_Provided records_.
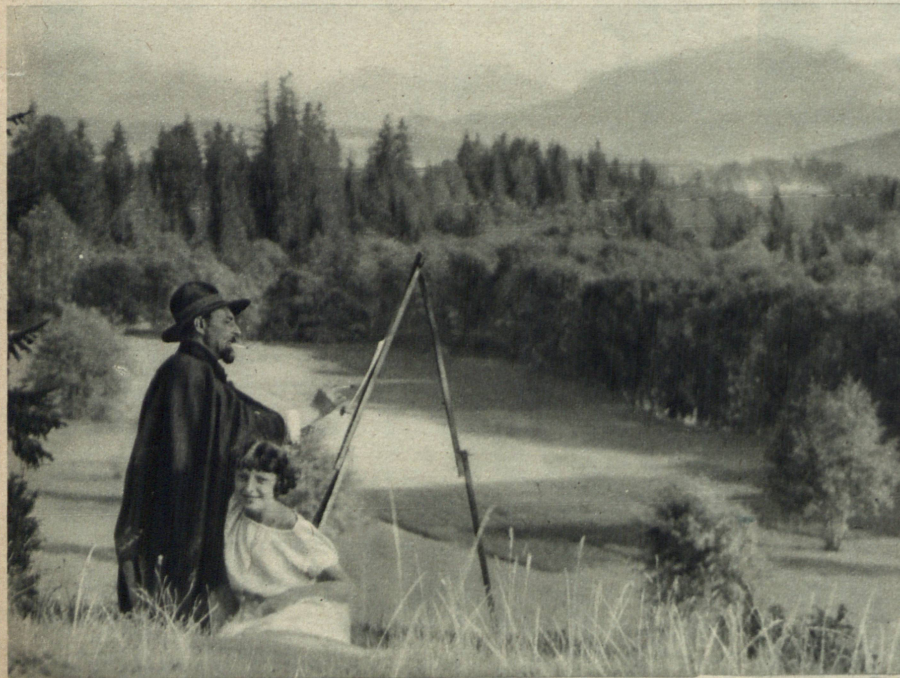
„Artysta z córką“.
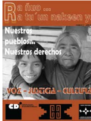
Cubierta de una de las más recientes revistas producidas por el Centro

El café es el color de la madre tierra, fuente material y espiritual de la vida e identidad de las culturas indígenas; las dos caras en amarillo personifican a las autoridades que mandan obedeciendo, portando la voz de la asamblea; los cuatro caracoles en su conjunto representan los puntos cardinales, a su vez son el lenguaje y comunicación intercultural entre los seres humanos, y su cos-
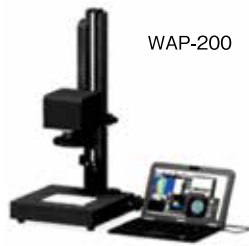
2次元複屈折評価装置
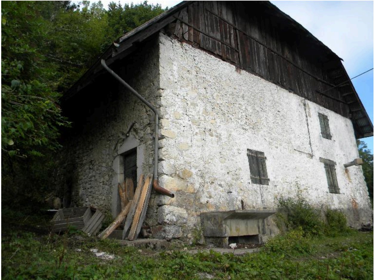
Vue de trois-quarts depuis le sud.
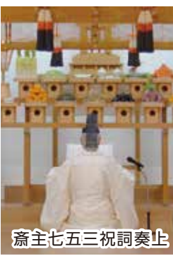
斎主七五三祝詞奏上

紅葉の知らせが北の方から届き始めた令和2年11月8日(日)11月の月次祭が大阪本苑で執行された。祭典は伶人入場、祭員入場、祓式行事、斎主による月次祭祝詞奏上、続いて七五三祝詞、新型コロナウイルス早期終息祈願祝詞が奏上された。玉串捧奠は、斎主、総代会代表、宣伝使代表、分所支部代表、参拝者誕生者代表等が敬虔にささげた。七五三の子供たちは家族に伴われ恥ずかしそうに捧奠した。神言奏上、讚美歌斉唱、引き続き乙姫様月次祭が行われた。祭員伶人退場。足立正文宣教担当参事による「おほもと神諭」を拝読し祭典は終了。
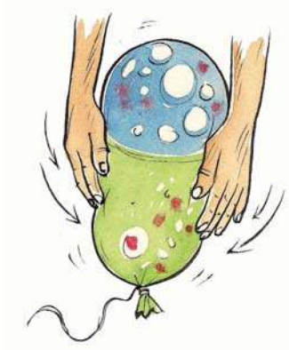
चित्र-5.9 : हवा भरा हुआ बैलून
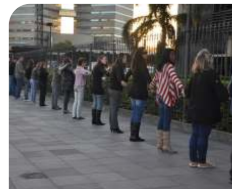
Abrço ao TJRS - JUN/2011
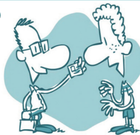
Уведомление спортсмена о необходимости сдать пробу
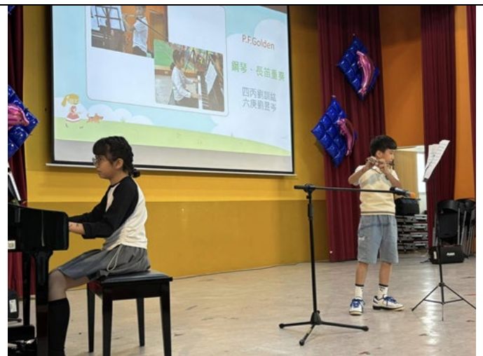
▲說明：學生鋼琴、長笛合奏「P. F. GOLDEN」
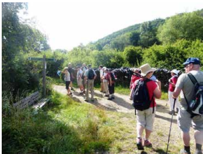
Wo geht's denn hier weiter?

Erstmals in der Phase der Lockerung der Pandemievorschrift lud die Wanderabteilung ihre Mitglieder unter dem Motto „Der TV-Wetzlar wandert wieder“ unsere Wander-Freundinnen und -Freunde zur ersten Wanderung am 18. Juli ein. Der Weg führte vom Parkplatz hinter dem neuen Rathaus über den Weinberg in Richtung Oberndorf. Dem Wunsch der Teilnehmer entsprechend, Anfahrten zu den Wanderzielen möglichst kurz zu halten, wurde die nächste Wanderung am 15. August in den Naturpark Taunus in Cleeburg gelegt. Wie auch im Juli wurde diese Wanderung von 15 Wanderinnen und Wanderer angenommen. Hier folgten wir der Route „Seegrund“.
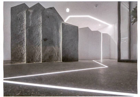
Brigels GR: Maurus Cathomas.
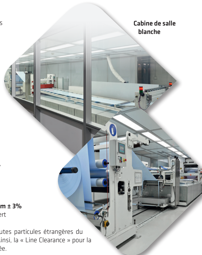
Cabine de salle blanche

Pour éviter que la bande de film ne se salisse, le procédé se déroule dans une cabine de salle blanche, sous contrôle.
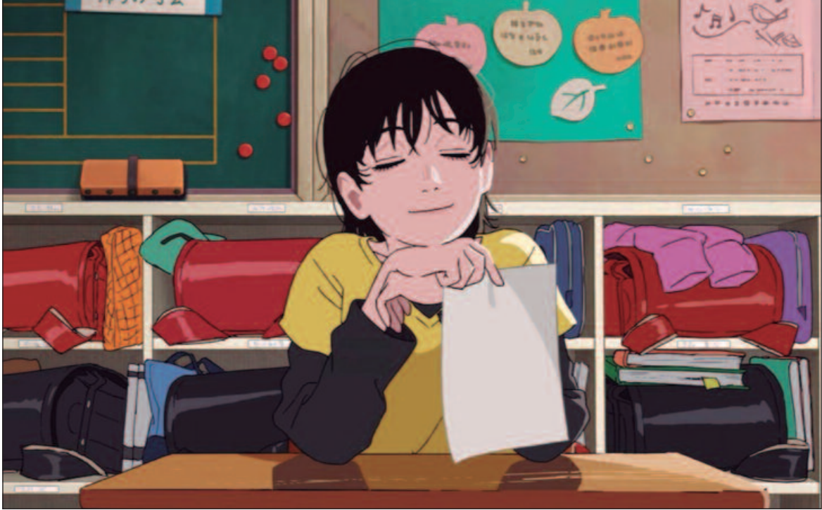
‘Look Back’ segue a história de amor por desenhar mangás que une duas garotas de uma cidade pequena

* * *

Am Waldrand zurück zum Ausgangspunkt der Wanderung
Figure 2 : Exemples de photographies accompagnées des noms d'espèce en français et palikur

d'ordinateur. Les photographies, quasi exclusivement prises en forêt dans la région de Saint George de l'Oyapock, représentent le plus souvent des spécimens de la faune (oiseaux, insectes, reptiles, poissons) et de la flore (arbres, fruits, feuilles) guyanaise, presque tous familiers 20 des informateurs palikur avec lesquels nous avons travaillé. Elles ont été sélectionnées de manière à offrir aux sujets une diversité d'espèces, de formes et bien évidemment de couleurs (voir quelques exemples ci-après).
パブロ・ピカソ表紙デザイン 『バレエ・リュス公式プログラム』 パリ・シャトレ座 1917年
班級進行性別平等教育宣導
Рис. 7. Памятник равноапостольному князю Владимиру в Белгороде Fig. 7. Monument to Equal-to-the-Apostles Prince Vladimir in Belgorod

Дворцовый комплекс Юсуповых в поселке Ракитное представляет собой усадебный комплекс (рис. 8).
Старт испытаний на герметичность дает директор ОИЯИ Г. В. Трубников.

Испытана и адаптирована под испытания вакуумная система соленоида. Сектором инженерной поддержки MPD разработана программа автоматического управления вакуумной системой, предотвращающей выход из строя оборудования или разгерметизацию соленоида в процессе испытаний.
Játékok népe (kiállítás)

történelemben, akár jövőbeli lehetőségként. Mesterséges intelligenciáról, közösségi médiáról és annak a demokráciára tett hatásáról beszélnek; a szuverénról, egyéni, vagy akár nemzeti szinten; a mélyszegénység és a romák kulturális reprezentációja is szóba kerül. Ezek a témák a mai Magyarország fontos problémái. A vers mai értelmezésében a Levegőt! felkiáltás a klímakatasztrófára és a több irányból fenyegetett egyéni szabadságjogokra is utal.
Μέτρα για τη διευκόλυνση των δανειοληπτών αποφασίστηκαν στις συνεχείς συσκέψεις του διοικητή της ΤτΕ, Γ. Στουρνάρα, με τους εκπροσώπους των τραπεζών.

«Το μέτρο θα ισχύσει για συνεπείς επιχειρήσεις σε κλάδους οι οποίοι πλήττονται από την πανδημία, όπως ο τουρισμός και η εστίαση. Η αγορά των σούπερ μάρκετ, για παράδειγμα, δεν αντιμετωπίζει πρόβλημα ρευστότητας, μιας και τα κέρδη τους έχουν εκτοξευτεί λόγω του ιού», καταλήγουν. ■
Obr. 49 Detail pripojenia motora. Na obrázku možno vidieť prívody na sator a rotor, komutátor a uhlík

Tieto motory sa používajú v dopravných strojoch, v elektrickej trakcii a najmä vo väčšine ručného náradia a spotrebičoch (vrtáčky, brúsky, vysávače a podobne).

--

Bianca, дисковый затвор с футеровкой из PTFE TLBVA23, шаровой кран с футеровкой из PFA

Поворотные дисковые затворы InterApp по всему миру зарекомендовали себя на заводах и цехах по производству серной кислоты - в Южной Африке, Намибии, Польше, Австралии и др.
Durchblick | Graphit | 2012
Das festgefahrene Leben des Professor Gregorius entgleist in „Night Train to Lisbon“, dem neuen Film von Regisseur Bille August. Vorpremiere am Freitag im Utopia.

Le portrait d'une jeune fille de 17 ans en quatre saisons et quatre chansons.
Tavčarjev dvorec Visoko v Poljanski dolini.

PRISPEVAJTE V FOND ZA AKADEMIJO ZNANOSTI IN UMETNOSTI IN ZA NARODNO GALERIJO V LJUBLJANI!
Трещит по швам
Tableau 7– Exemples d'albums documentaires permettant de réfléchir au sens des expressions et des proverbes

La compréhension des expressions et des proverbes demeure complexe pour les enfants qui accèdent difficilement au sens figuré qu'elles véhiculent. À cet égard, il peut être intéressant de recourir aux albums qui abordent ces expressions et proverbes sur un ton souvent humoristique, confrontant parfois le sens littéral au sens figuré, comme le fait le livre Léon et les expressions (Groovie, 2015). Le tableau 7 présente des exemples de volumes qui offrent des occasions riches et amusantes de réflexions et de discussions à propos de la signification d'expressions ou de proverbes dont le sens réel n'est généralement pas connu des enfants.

_Assignment_.
Output only the lines above from the one containing "Уведомление спортсмена о" to the one containing "uma cidade pequena", both included, exactly as written and with no pictures.

_Answer to this task_.
Уведомление спортсмена о необходимости сдать пробу
▲說明：學生鋼琴、長笛合奏「P. F. GOLDEN」
Wo geht's denn hier weiter?

Erstmals in der Phase der Lockerung der Pandemievorschrift lud die Wanderabteilung ihre Mitglieder unter dem Motto „Der TV-Wetzlar wandert wieder“ unsere Wander-Freundinnen und -Freunde zur ersten Wanderung am 18. Juli ein. Der Weg führte vom Parkplatz hinter dem neuen Rathaus über den Weinberg in Richtung Oberndorf. Dem Wunsch der Teilnehmer entsprechend, Anfahrten zu den Wanderzielen möglichst kurz zu halten, wurde die nächste Wanderung am 15. August in den Naturpark Taunus in Cleeburg gelegt. Wie auch im Juli wurde diese Wanderung von 15 Wanderinnen und Wanderer angenommen. Hier folgten wir der Route „Seegrund“.
Brigels GR: Maurus Cathomas.
Cabine de salle blanche

Pour éviter que la bande de film ne se salisse, le procédé se déroule dans une cabine de salle blanche, sous contrôle.
‘Look Back’ segue a história de amor por desenhar mangás que une duas garotas de uma cidade pequena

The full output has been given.